Walmart’s Glass opts out of re-election to board of directors
Home & Textiles Today Staff -- Home Textiles Today, April 22, 2009
Bentonville, Ark. – Wal-Mart Stores Inc.’s former president and ceo David Glass has decided not to stand for re-election to the retailer’s board of directors, come June 5 at Walmart’s annual shareholders’ meeting.
Glass is currently a board member and has been since 1977.
He joined Walmart in 1976 as the company executive vp of finance and one year later was elected to its board.
He continued to climb the ranks, with a promotion to vice chairman and cfo in 1982. Soon after, in 1984, he was named president and coo, until finally he succeeded the company’s founder Sam Walton as president and ceo in January 1988. He remained in that post until retiring in January 2000.
“I cannot overstate David’s contribution to our company,” said Rob Walton, chairman of the board of Wal-Mart Stores Inc. “He established a new foundation for the company’s growth, and my dad considered him to be one of the finest retail talents he had ever met.”
Glass, who came to the company from Consumer’s Markets, is credited with establishing Walmart’s first distribution center outside of headquarters here, and equipping it with computerized distribution – “proving that the company’s geographic reach could be extended well beyond its home state,” the company said.

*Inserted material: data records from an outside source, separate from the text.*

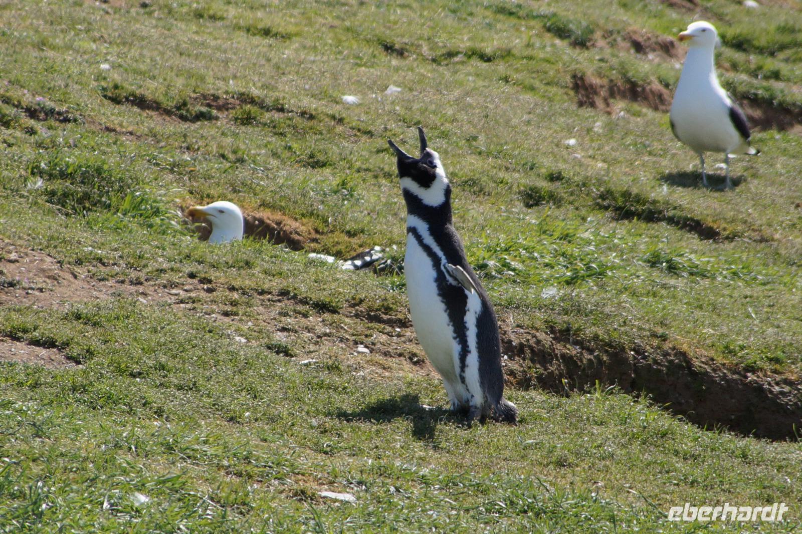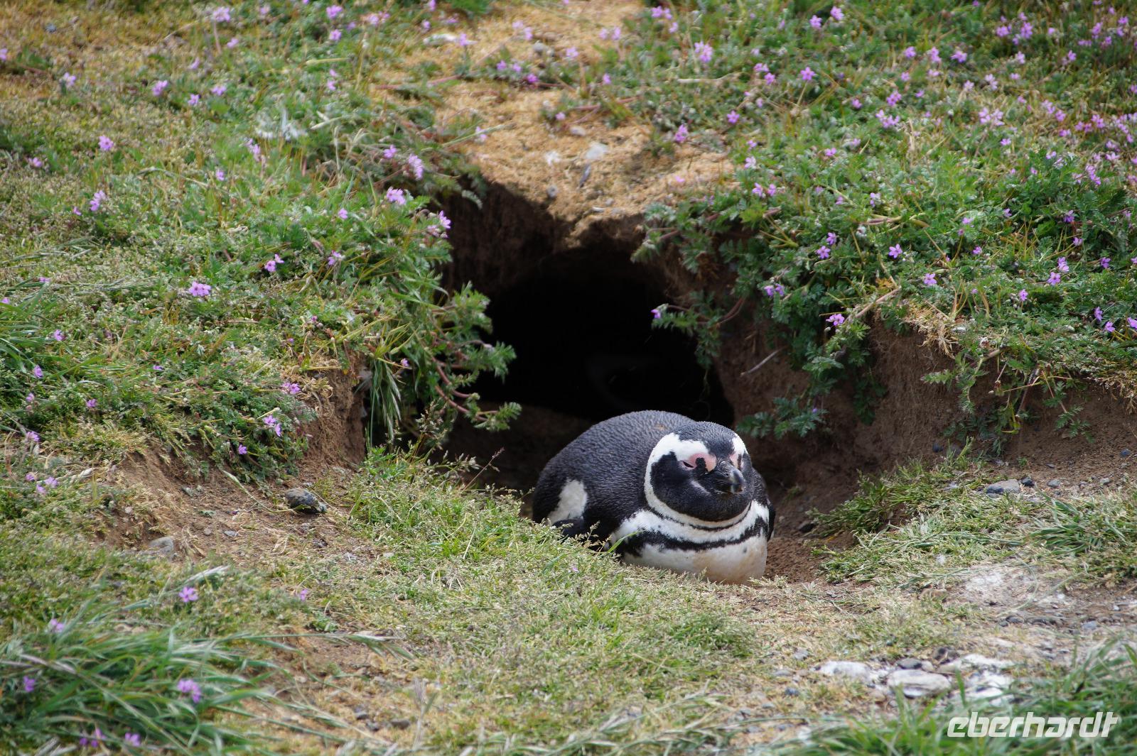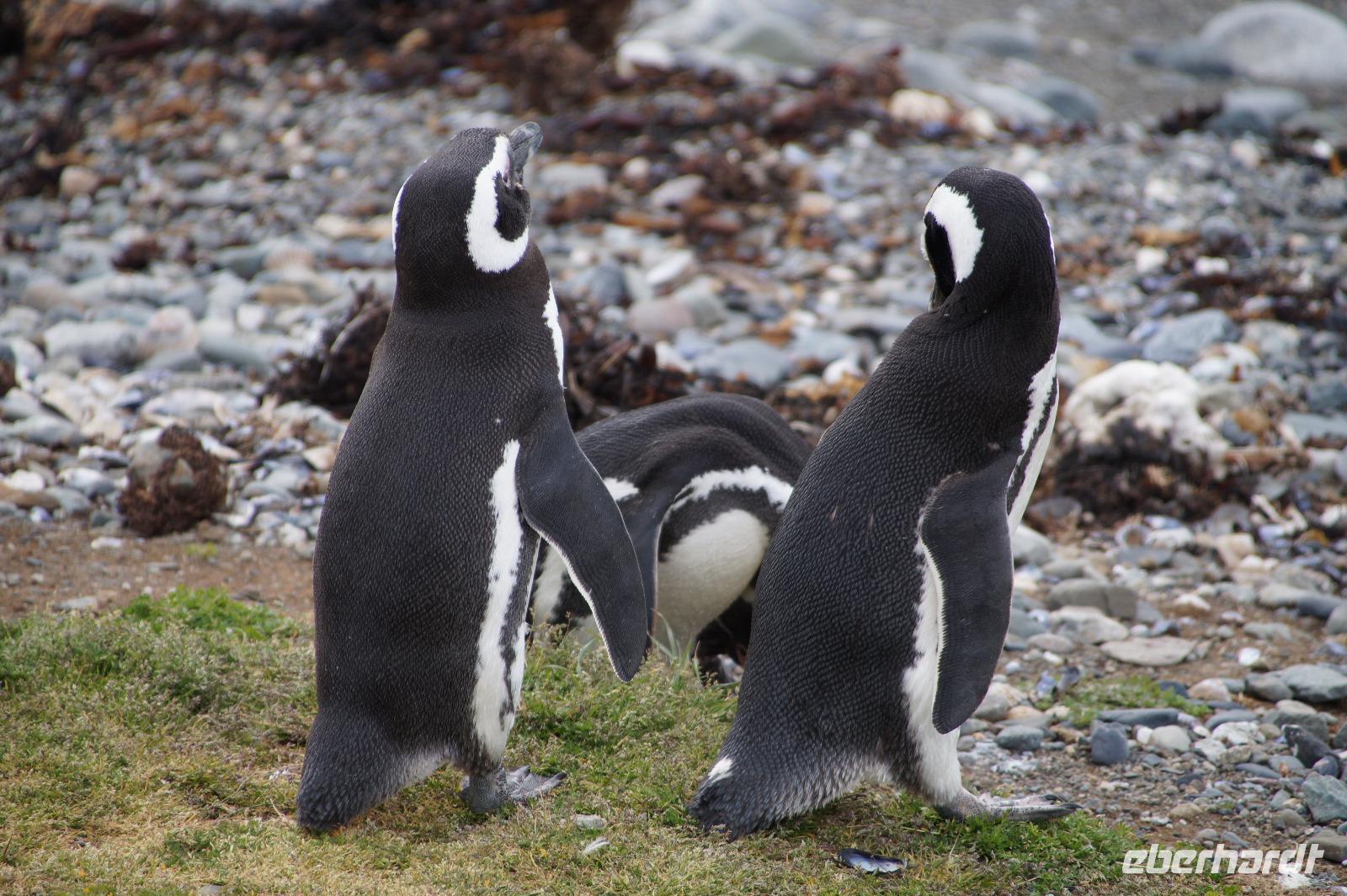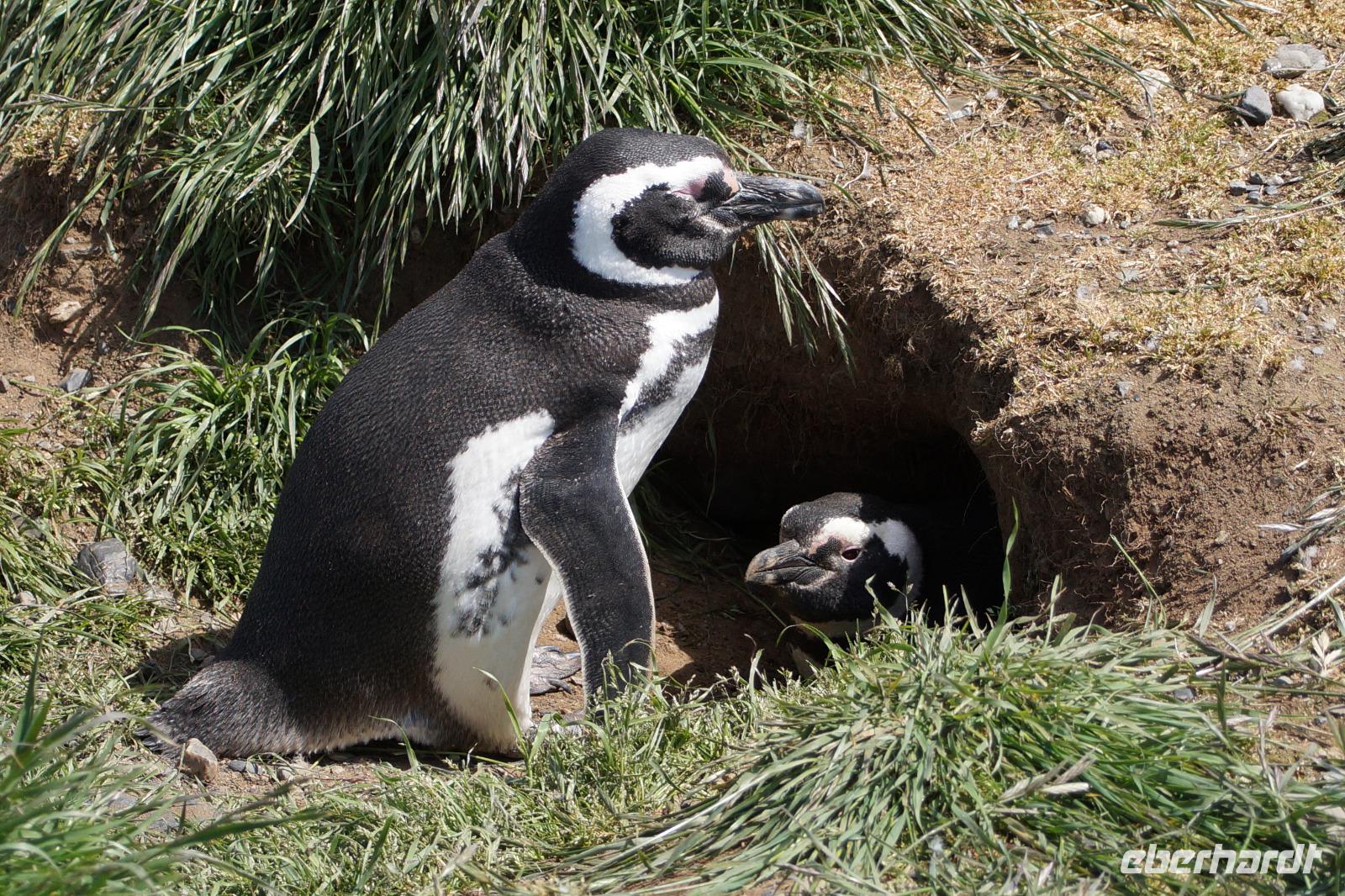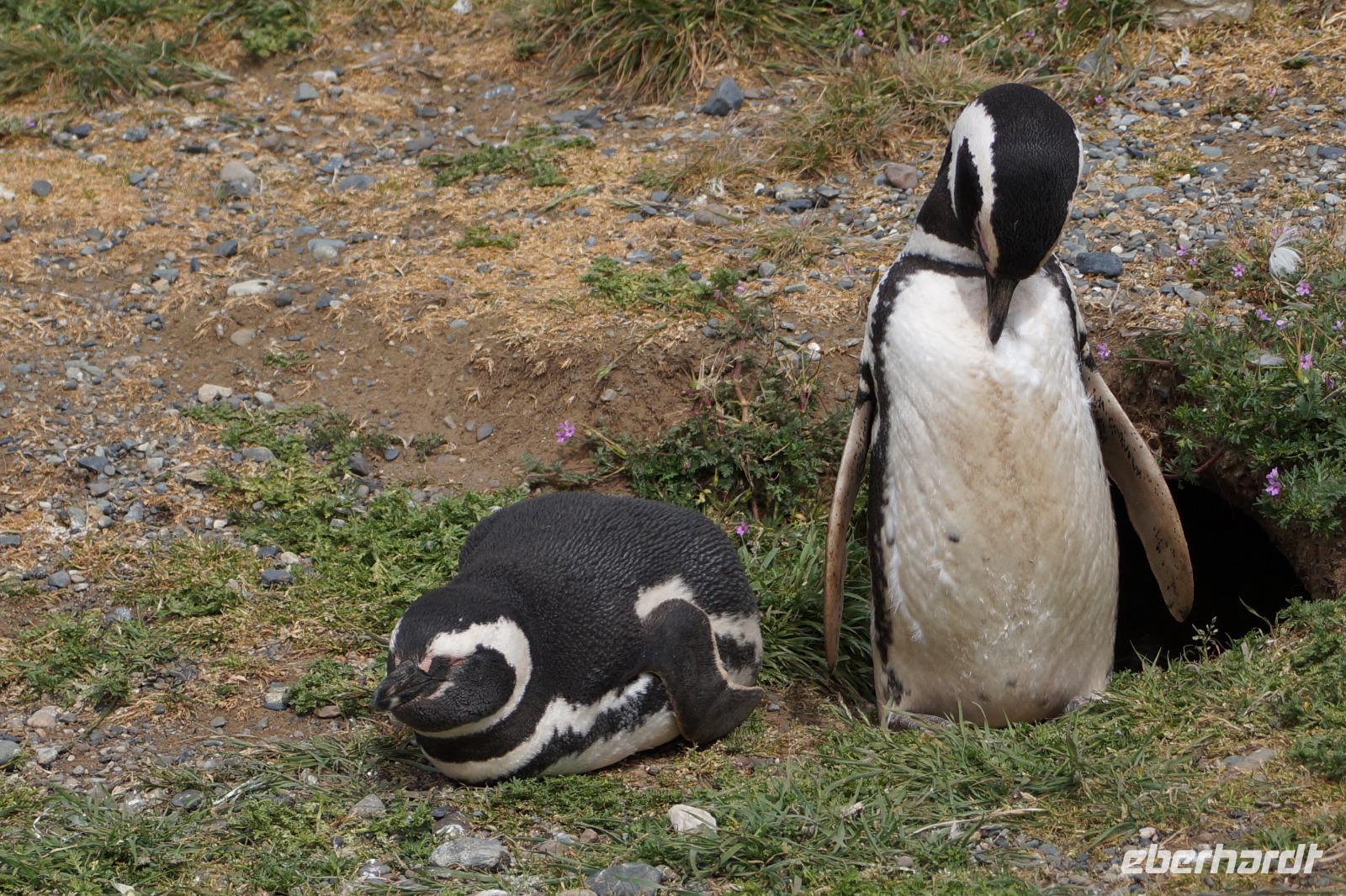Manche der Pinguine riefen nach ihren Partnern, andere polsterten die Bruthöhlen mit Gras aus. Mit den Bruthöhlen verhält es sich so. Das Pinguinmännchen buddelt eine Bruthöhle. Dann kommt seine Partnerin - Pinguine sind treu - und reißt diese entweder ein und beide bauen gemeinsam eine neue Höhle, oder akzeptiert diese und zieht ein.
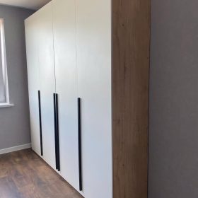 Thiết kế 4 cánh thông minh, tối ưu hóa không gian lưu trữ. Hai cánh giữa gồm kệ nhỏ và khu vực treo quần áo rộng rãi, phù hợp với mọi loại trang phục từ áo sơ mi, váy đến áo khoác dài. Hai cánh còn lại là ngăn kệ đựng đồ, tiện lợi để sắp xếp phụ kiện, quần áo gấp hoặc đồ dùng cá nhân ngăn nắp.
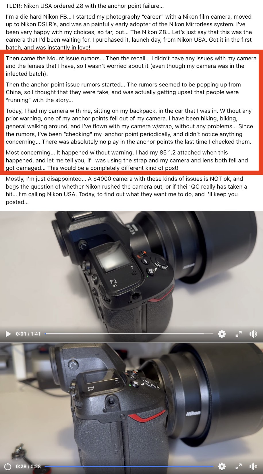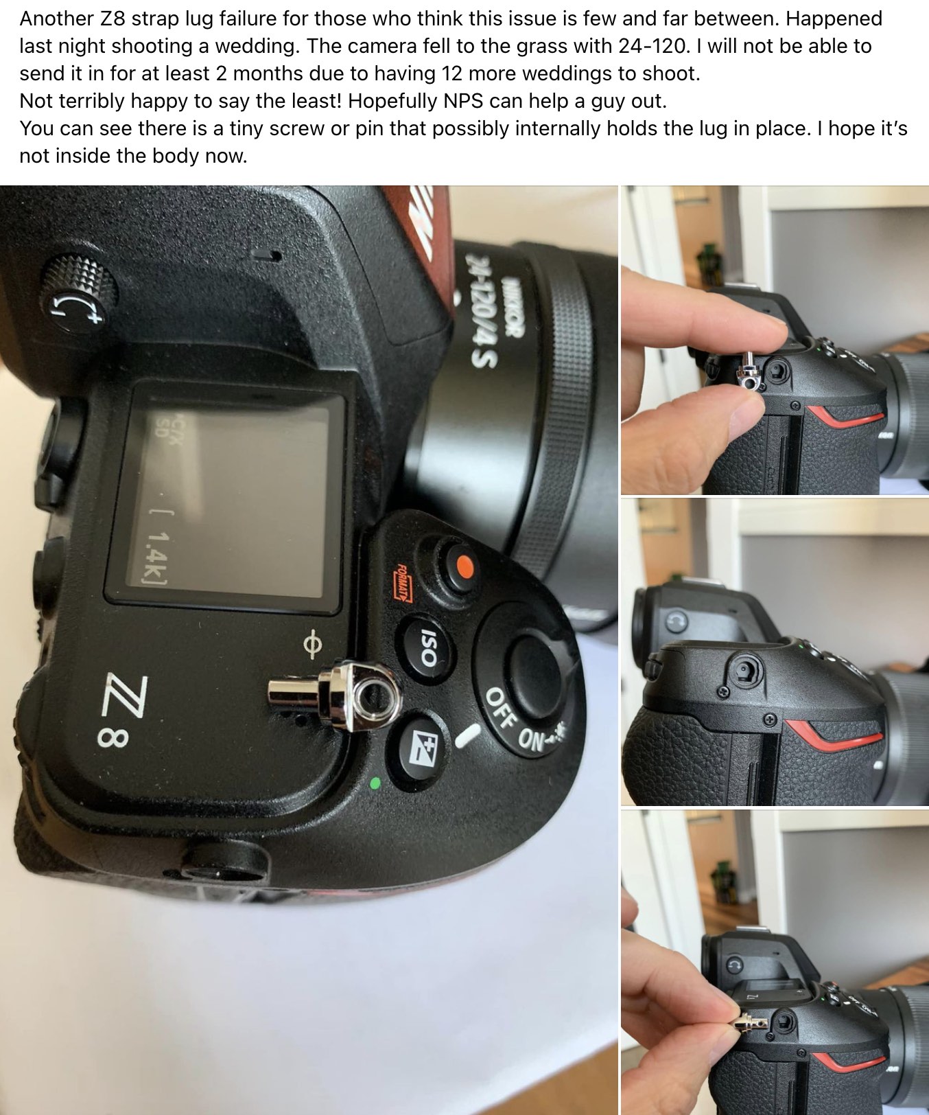 Another confirmed with two videos Nikon Z8 strap lug failure was reported on the Nikon Z8 Facebook Group:

He was also “instrumental in the creation of Sam’s Club” in 1983, and later as the company’s president and ceo, “Glass pioneered development of the first supercenter, which is now the company’s dominant retail format.” Under his leadership, Walmart became the nation’s largest retail company and made its first foray into international markets with an acquisition in Mexico.
After leaving Walmart, he continued to serve on its board as chairman of the executive committee until 2006 and, most recently, as a member of the strategic planning and finance committee.
“David joined Wal-Mart at a crucial time in the company’s history, bringing expertise in finance and distribution and pioneering the use of computer systems to link our stores and supply chain,” Walton said. “He is a great merchant who never lost the customer perspective. He encouraged frequent and open communication, and his talent for expressing his ideas was exceeded only by his talent for listening.”
With Glass’ retirement, Walmart’s board will consist of 15 directors, all of whom will stand for re-election at the annual shareholders’ meeting on June 5.